Zu viele gruben in die Tiefe. Am schlimmsten trieben es die Besitzer der Lagerhäuser nahe der Goldenen Pforte. Da Bauplatz in der Nähe des magischen Portals selbst für die Reichsten unbezahlbar geworden war, vergrößerten die Handelsherren ihre Lagerhäuser einfach in die Tiefe. Ihren alten Versammlungsort hatten Merob und ihre Anhänger schon aufgeben müssen, weil einer der verborgenen Zugangstunnel bei der Erweiterung eines Lagerhauses entdeckt worden war. Sie mussten ständig auf der Hut sein. Die Alte machte sich keine Illusionen darüber, was mit ihr geschehen würde, wenn sie den Schergen der Statthalter in die Hände fiel. Sie würden den Kult um die Grünen Geister am liebsten auslöschen. Wie so viele Mächtige waren sie blind für die Zukunft und dafür, was gut für das Volk war, das sie regierten.

Merob sehnte den Tag herbei, an dem Nangog sich erhob. Den Tag, an dem sie endlich die Tunnel verlassen könnte, um noch einmal die Sonne zu sehen. Es musste bald geschehen! Sie wusste nur zu gut, wie krank sie war. Viel Zeit blieb ihr nicht mehr. Und sie hatte immer noch nicht entschieden, wer ihre Nachfolgerin sein würde. Das war eitel und dumm. Und doch brachte sie es nicht über sich – hatte sie doch das Gefühl, dass auf einer ihrer Versammlungen ihre Nachfolgerin zu benennen gleichbedeutend damit war, einen großen Schritt in Richtung Grab zu tun.

Eigentlich sollte ihre Wahl auf Zarah fallen. Sie war beliebt in der Gemeinde, sie hatte Einfluss und bereits unzählige Male ihren Mut bewiesen, wenn sie nachts mit grüner Kreide ihr Zeichen auf die Sockel von Statuen, die Ziegelsteinwände der Lagerhäuser und manchmal gar auf die Türen von Palästen malte. Der formlose grüne Fleck, das Zeichen für die Geister Nangogs. Aber Merob gefiel Zarahs Lebenswandel nicht, so klug und mutig sie auch sein musste. Ein solches Weib sollte keine Priesterin der Großen Göttin sein!

»Was soll ich mit dem Spitzel machen?«, unterbrach Artiknos ihre Gedanken.
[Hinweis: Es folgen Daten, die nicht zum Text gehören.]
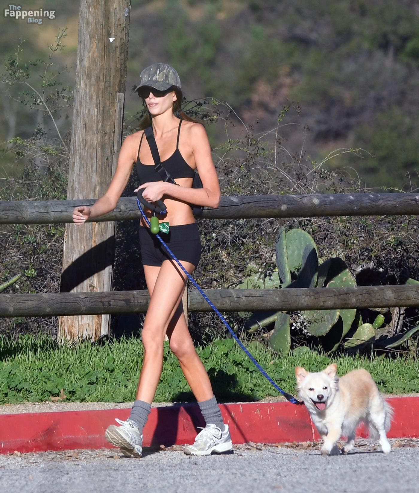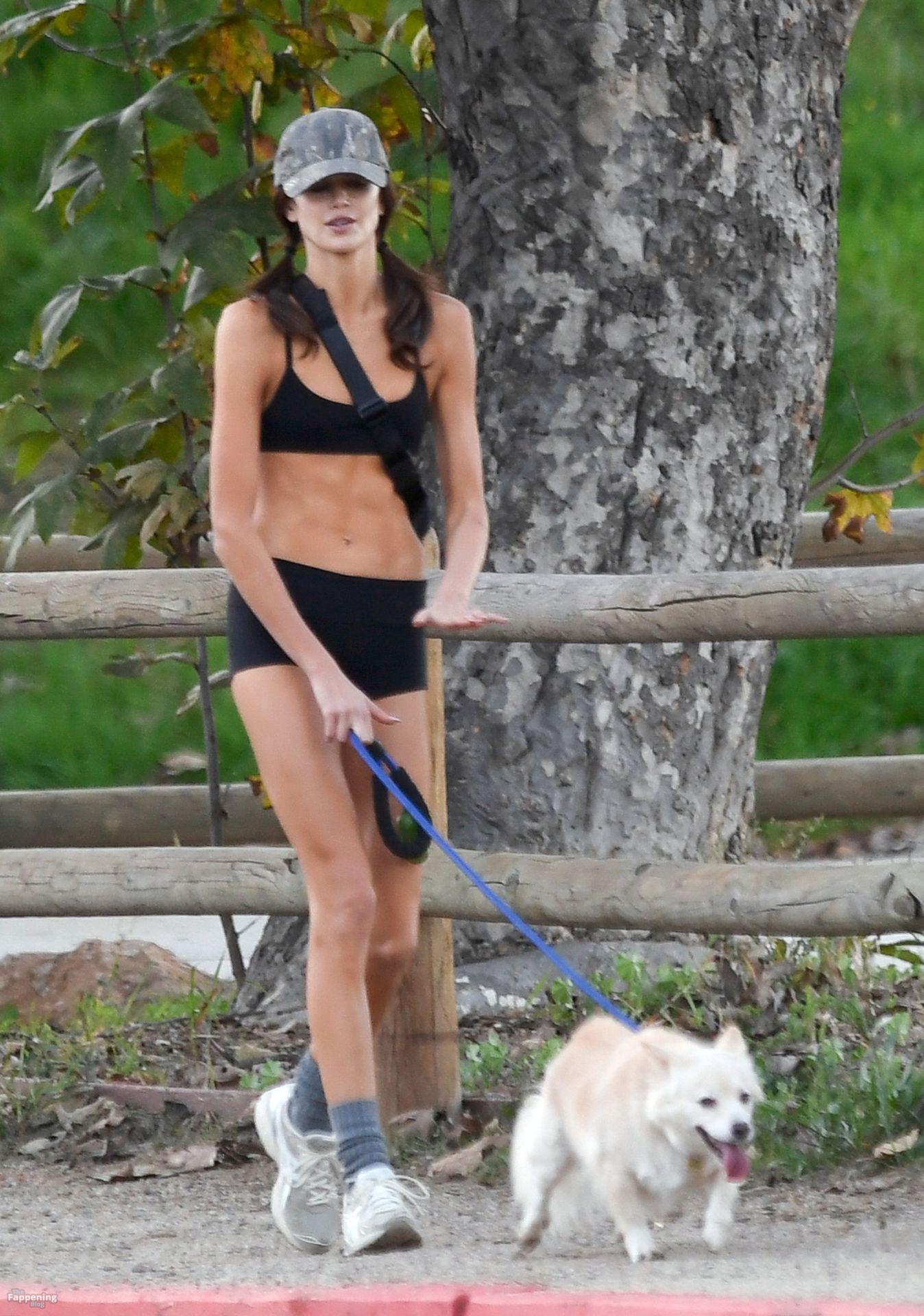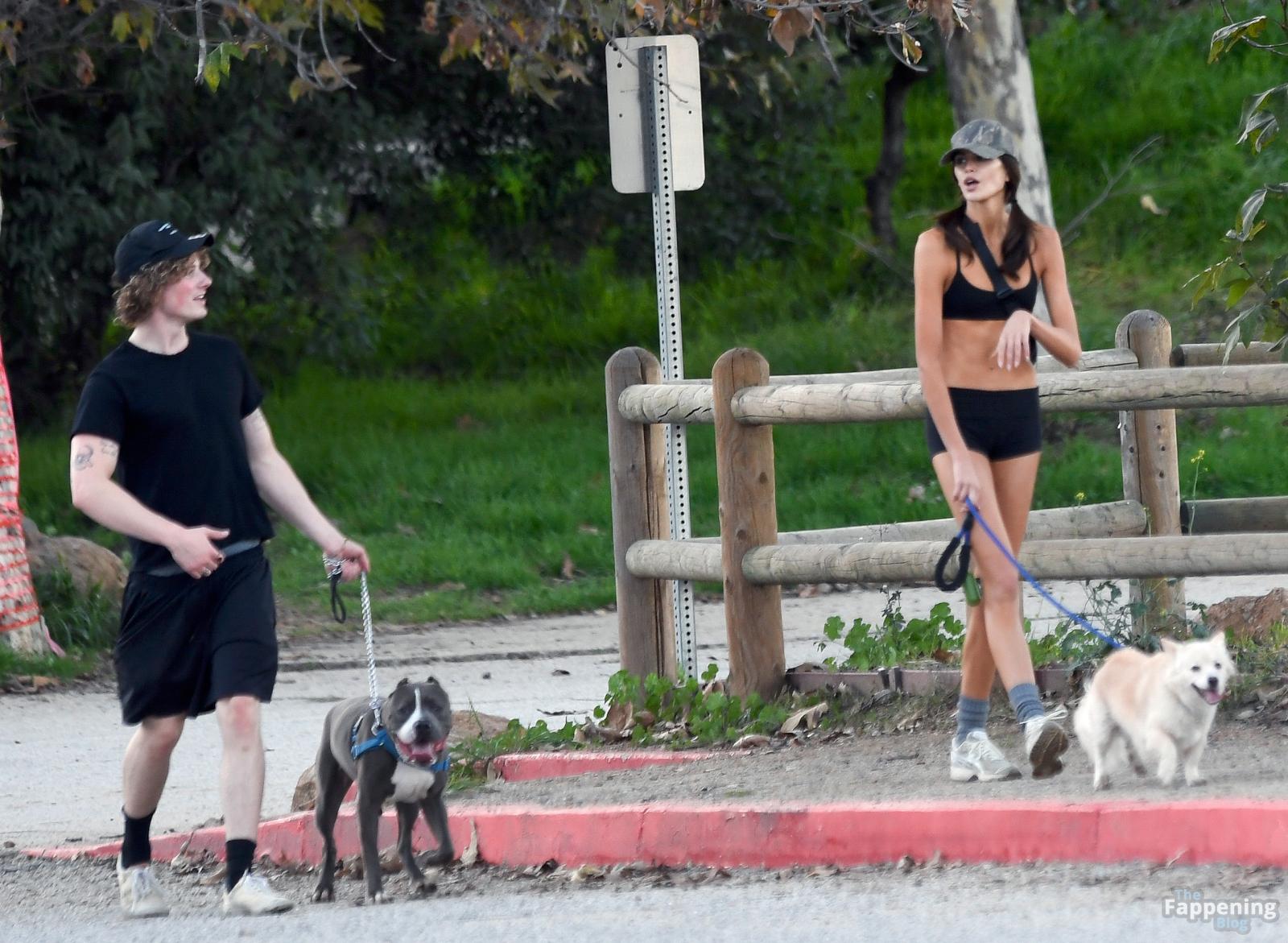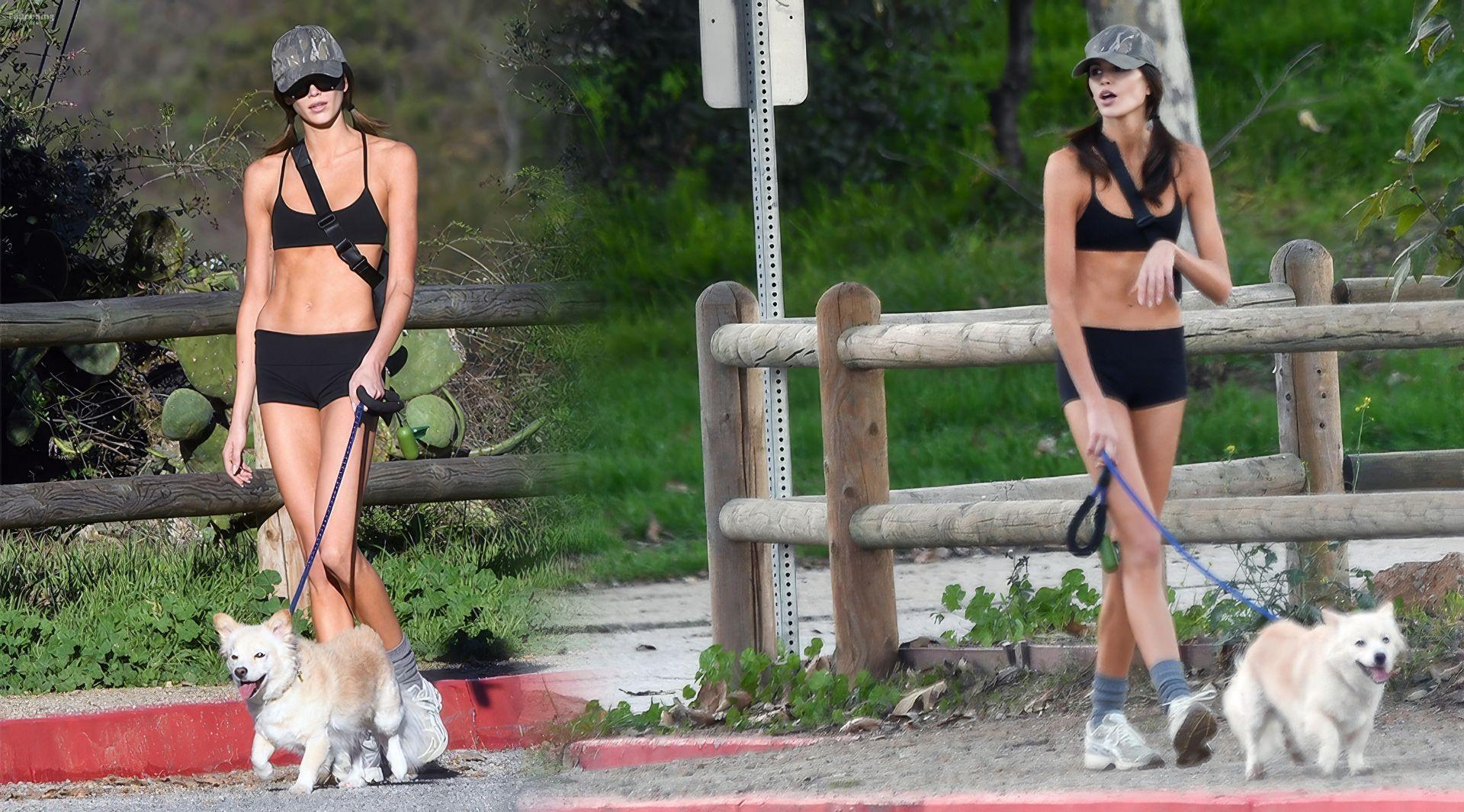 Leggy model Kaia Gerber was seen wearin’ a tiny sports bra and low-rise shorts in LA durin’ her dog walk.

»Setz ihn vor dem Haus der barmherzigen Brüder ab. Vielleicht nehmen sie ihn auf. Und wenn nicht, ist es nicht unsere Sache. Er hat seine Seele an die Herrschenden verkauft und wusste, dass er sich in Gefahr begibt, wenn er uns nachschnüffelt. Ganz sicher hätte er keine Gewissensbisse gehabt, uns alle an die Henker der Statthalter auszuliefern. Wir aber sind gnädig. Wir lassen ihm sein Leben. Und wenn die dort oben«, sie blickte zu der rußgeschwärzten Decke des Tunnels über ihr, »weniger gnädig sind und einem Verrückten kein Gnadenbrot schenken, dann soll dies nicht unsere Sorge sein.«

Artiknos widersprach nicht. Er hatte schon für sie getötet, aber Merob wusste, dass er es, wie alle Jünger der Großen Göttin, hasste, Blut zu vergießen. Sie stiegen tiefer und tiefer in den Fels hinab, durchquerten ein Stück eines bestialisch stinkenden Abwasserkanals und erreichten endlich den kurzen Tunnel, der zur Kristallhöhle führte. Hier hieß Merob den Flötenspieler, sie abzusetzen. Die letzten Schritte wollte sie aus eigener Kraft tun.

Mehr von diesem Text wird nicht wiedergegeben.